I came across the method for generating multivariate normal samples on wikipedia: https://en.wikipedia.org/wiki/Multivariate_normal_distribution#Drawing_values_from_the_distribution
A widely used method for drawing (sampling) a random vector x from the N-dimensional multivariate normal distribution with mean vector μ and covariance matrix Σ works as follows:
Find any real matrix A such that A AT = Σ. When Σ is positive-definite, the Cholesky decomposition is typically used, and the extended form of this decomposition can always be used (as the covariance matrix may be only positive semi-definite) in both cases a suitable matrix A is obtained. An alternative is to use the matrix A = UΛ½ obtained from a spectral decomposition Σ = UΛUT of Σ. The former approach is more computationally straightforward but the matrices A change for different orderings of the elements of the random vector, while the latter approach gives matrices that are related by simple re-orderings. In theory both approaches give equally good ways of determining a suitable matrix A, but there are differences in computation time.

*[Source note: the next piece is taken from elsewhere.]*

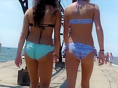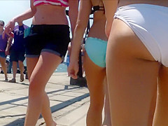 Since they were wearing bikinis that absolutely undressed all of the curves of their butt cheeks, a voyeur followed around a group of hawt hotties walking down the beach.
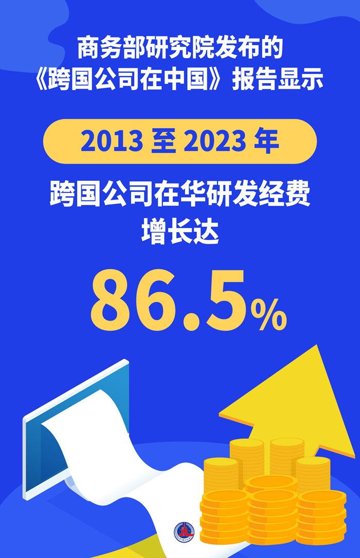 商務(wù)部研究院發(fā)布的《跨國公司在中國》報(bào)告顯示,2013至2023年,跨國公司在華研發(fā)經(jīng)費(fèi)增長達(dá)86.5%??鐕九c中國的投資合作已由“市場導(dǎo)向型”“成本導(dǎo)向型”延伸至“創(chuàng)新驅(qū)動(dòng)型”。

Let z = (z1, …, zN)T be a vector whose components are N independent standard normal variates (which can be generated, for example, by using the Box–Muller transform).
Let x be μ + Az. This has the desired distribution due to the affine transformation property.
Why does the cholesky decomposition matrix 'A' multiplied by the vector of samples chosen from the standard normal distribution 'z' plus 'μ' give us our result (ie x = μ + Az)?
Why does this work? What is the proof?